Drafts of other communications and documents will not be privileged unless specifically drafted by the lawyers or for the dominant purpose of obtaining legal advice: see “Court of Appeal finds legal advice privilege is subject to a “dominant purpose” test” (30 January 2020).

Notes or working papers of either lawyer or client may be privileged, if they betray the trend of the legal advice. This is addressed further in “Documents evidencing privileged communications”.

Communications through agents

It is well settled that the communication need not be directly between lawyer and client, but can be through an agent of either of them. See for example Wheeler v Le Marchant (1881) 17 Ch D 675: “The actual communication to the solicitor by the client is of course protected, and it is equally protected whether it is made by the client in person or is made by an agent on behalf of the client, and whether it is made to the solicitor in person or to a clerk or subordinate of the solicitor who acts in his place and under his direction.”

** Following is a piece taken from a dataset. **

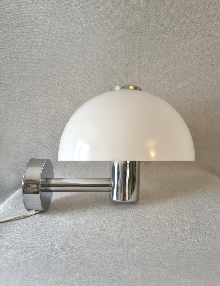 Puolipallon muotoinen valkoinen kupu yhdistyy kiiltävään kromattuun runkoon, luoden tasapainoisen ja arkkitehtonisen kokonaisuuden. Selkeä muoto ja laadukas metallirakenne tekevät tästä Valio-sarjan seinävalaisimesta ajattoman sisustuselementin. Valaisin toimii kauniisti esimerkiksi sängynpäädyssä, eteisessä tai osana modernia seinäkokonaisuutta.
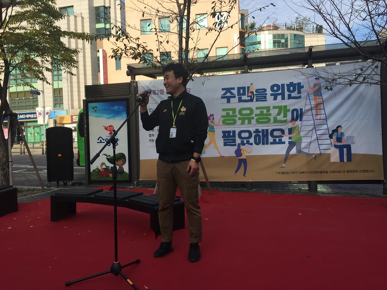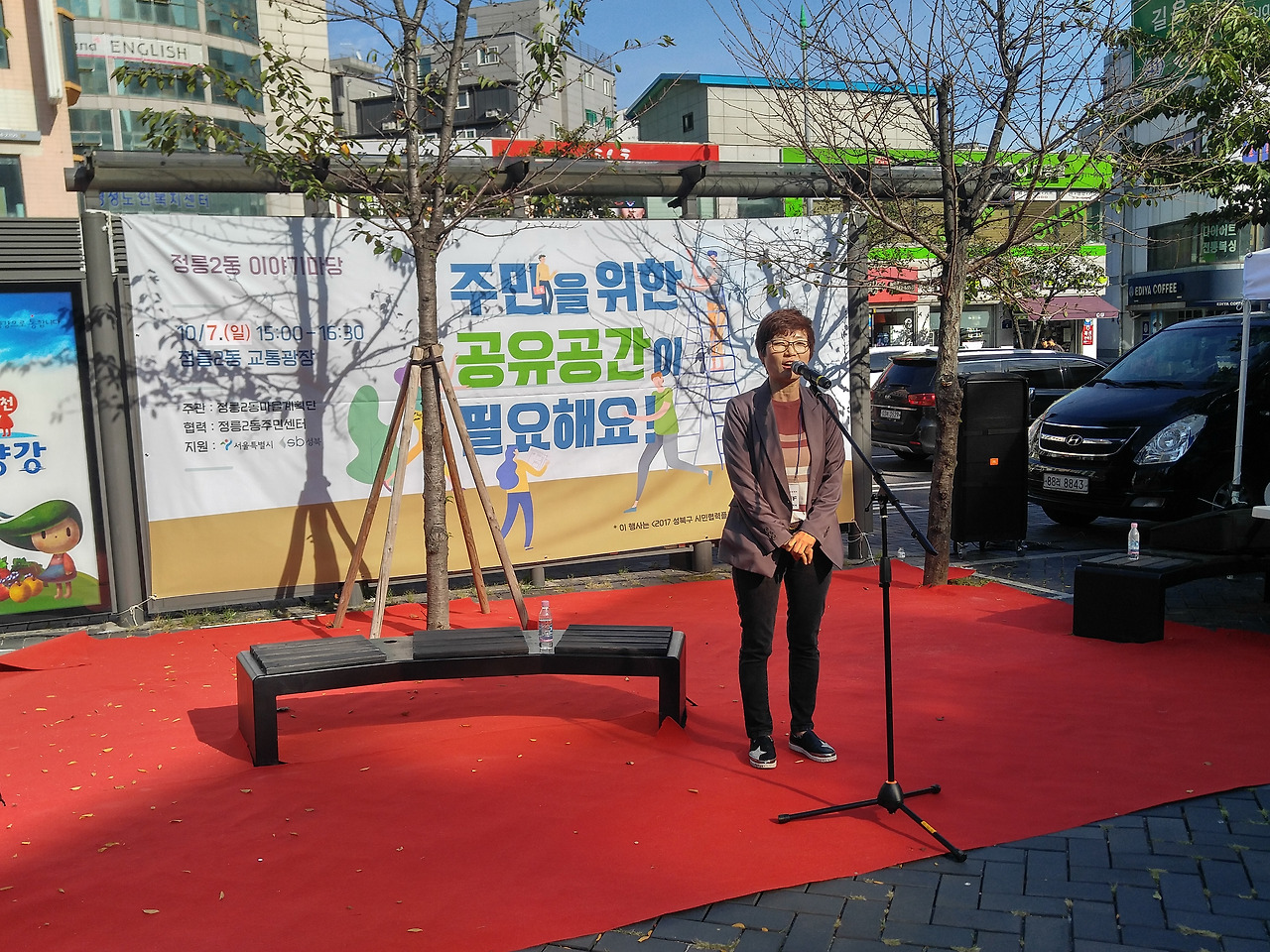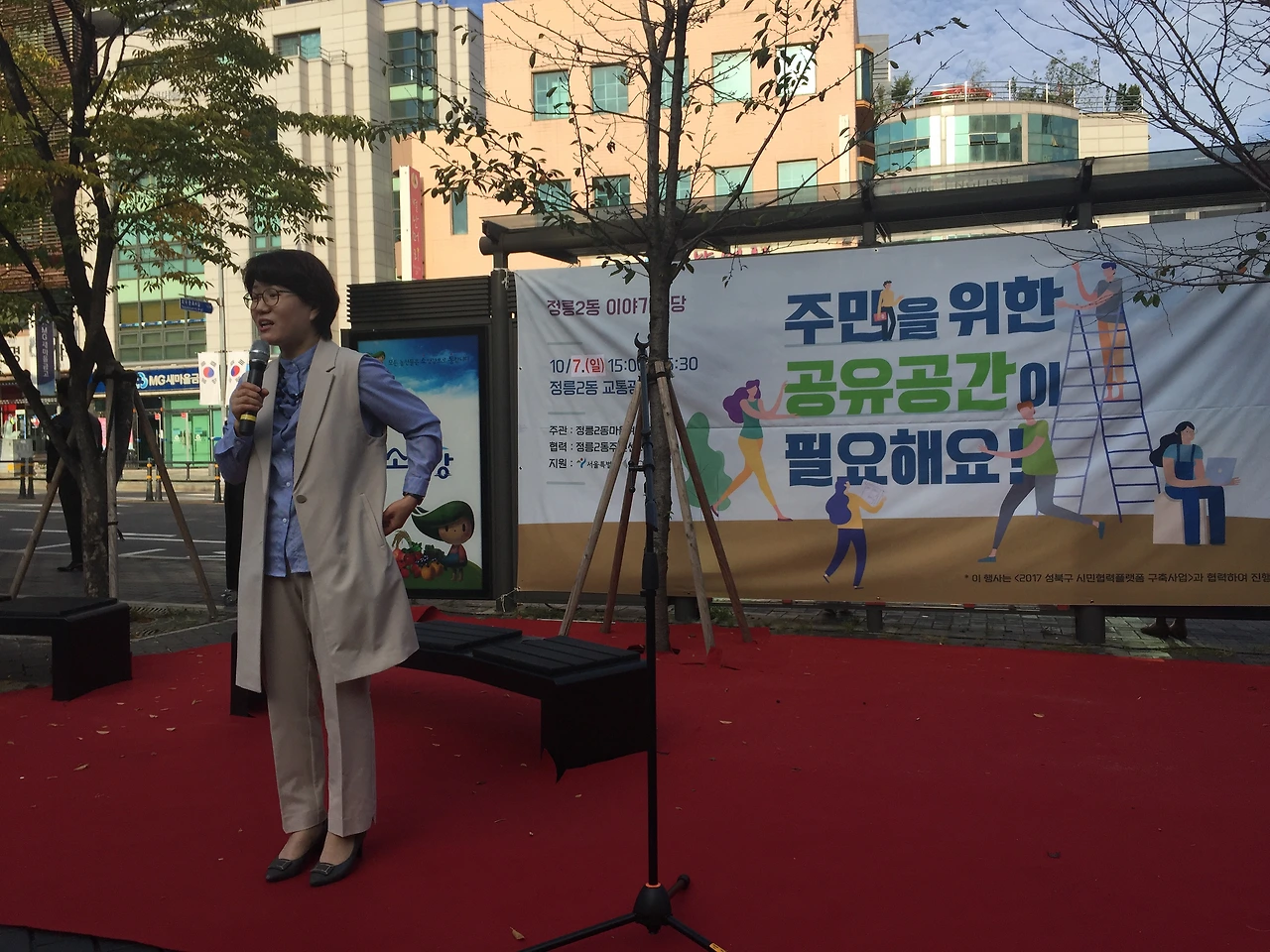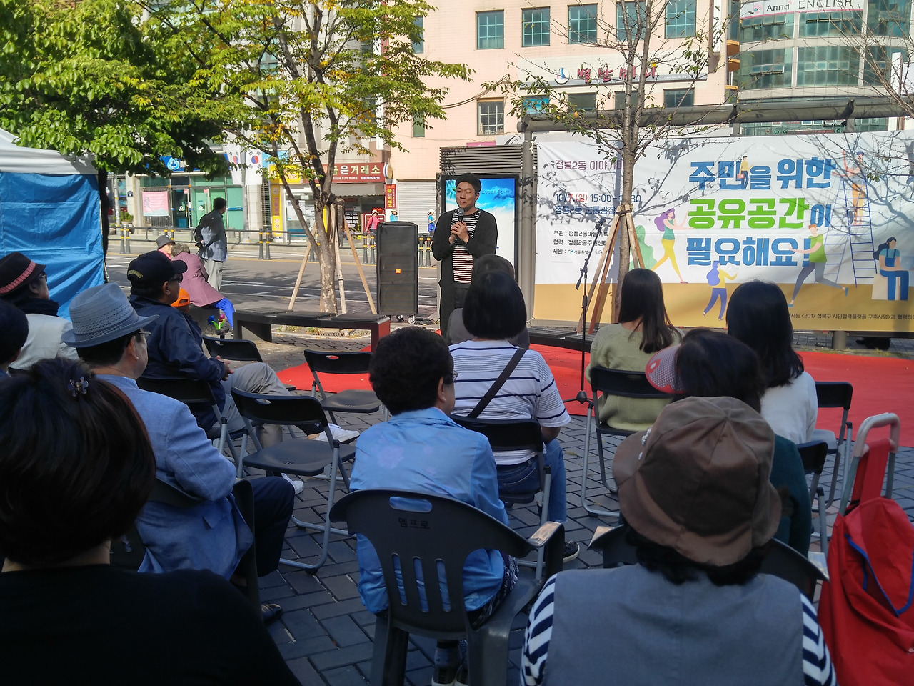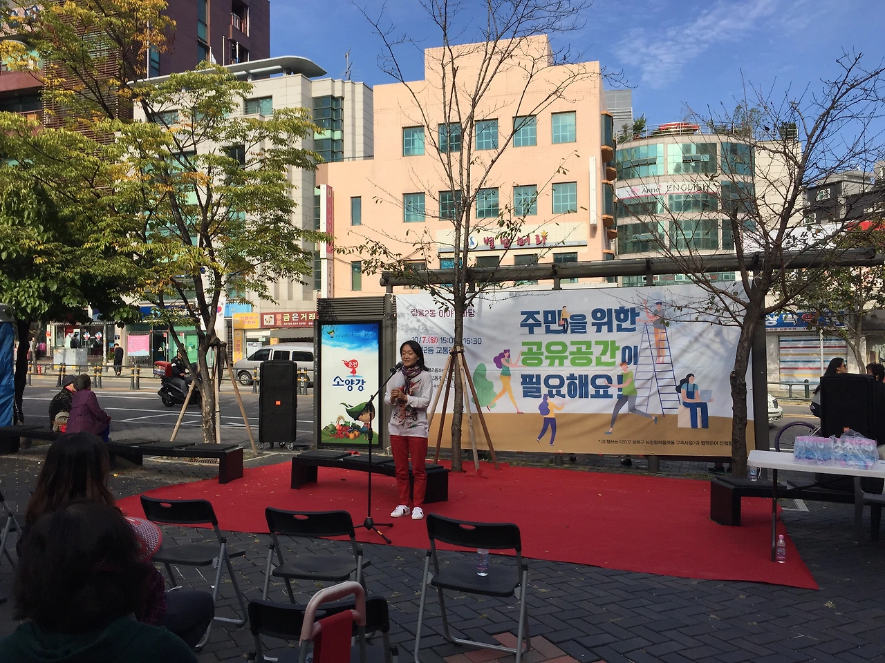 10월 7일 일요일 오후 3시, 정릉입구 교통광장에서 정릉2동 마을계획단이 주관하는 주민공론장이 열렸습니다. 정릉2동 어울더울 장터와 함께 진행된 이번 공론장의 주제는 ‘주민을 위한 공유공간이 필요해요’였는데요. 한정혜 정릉2동 마을계획단장의 오프닝에 이어 사회자 마이크를 받은 아트버스킹 김경서 대표는 정릉2동에 거주하는 주민 한 사람의 입장에서 함께 의견을 나눔과 동시에 행사의 진행을 맡아주었습니다. 주요 발언 내용을 정리해 보았습니다.

On the lawyer’s side, therefore (and as noted above), communications with non-legally qualified personnel will be privileged so long as they are acting under the supervision of a lawyer.

On the client’s side, the question of when a third party is acting as agent in the necessary sense is slightly more complicated. Privilege will be available only where the third party is the client’s agent for the purpose of communicating with the lawyers to obtain legal advice, and not where the third party is instructed to provide information to the lawyers. As noted above, communications from a third party are not covered by legal advice privilege, even if they are for the purpose of providing information to enable the lawyer to advise.

In Wheeler v Le Marchant, the defendants sought to assert privilege over communications between their solicitors and surveyors instructed to prepare a report for the solicitors. The Court of Appeal held that the communications were not privileged. The surveyors were not employed as agents to communicate with the solicitors to obtain legal advice.

In contrast, in Managing General Partner Ltd and others v Babcock & Brown Global Partners [2010] EWHC 2176 (Ch), referred to above, communications between the legal advisers of a limited partnership (Global) and its managing general partner (General) were privileged because General retained the lawyers as agent for Global and obtained their advice on its behalf.

Communications will be similarly privileged where the agent acts as nothing more than a channel of communication, eg an interpreter.